CREATE TABLE dwh.temp_users
PARTITION BY TIMESTAMP_TRUNC(inserted_at, DAY)
CLUSTER BY user_id AS
SELECT *
FROM dwh.users;

Step 2: Drop the original table

After confirming that the data exists in the temporary table, drop the original table.

Until this process is complete, the original table is unavailable.

DROP TABLE <dataset_name>.<table_name>;

Example:

DROP TABLE dwh.users;

Step 3: Copy the temporary table

Using the BigQuery console:

Select the temporary table in the Resources pane.
Click Copy table.
In the Destination section:

Choose the destination dataset
Enter the original table name

Complete the copy operation.

Step 4: Drop the temporary table

DROP TABLE <dataset_name>.<tmp_table_name>;

Example:

DROP TABLE dwh.temp_users;

Enable Override Default Target Settings to customize target behavior for this table.
In the Table Loading Mode field, select how data is loaded into the target:
- Upsert Merge (Default): Matches rows based on the selected key columns and updates existing records or inserts new ones.
- Append Only: Appends incoming data to the target table without updating existing rows.
- Overwrite: Replaces the existing data in the target table with the incoming data during each load.
note
If no key columns are selected, the system automatically applies Append Only loading mode.

Configure merge method for a target table

To define how records are merged into the target table when Upsert Merge loading mode is selected.

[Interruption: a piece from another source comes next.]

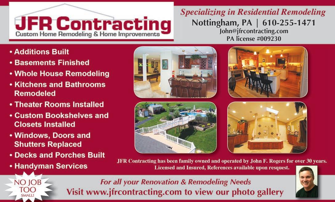 Top-quality hardscaping features, including paver patios and walkways, add distinction and value to your property. Whether you are a looking to enhance a residential or commercial property, hardscaping is worth the investment. Gray tones continue to dominate current hardscape trends, however, an upand-coming trend is starting to lean back toward warmer tones. Chad Howell Howell’s Lawn and Landscape 1096 Lees Bridge Rd Nottingham, PA 19362 610-842-1683

In the Merge Method field, select one of the following options:
- Merge (Default): Inserts new rows when they do not exist in the target and updates existing rows using a MERGE clause.
  warning
  The values in the selected Merge Key columns must be unique within the source data. If duplicate keys are present in the source, the BigQuery river fails with the following error: UPDATE/MERGE must match at most one source row for each target row.
- Switch – Merge: Replaces the entire target table with the incoming data during the load operation.
Click Apply Changes to save the merge configuration.
warning
When using Merge (Optimized with Partition Pruning), updating a partition column value can create duplicate records because the original row may exist in a different partition.
Recommendation:
- Avoid changing partition column values.
- If partition changes are required, ensure only one record exists per key, or use Switch-Merge to rewrite the table.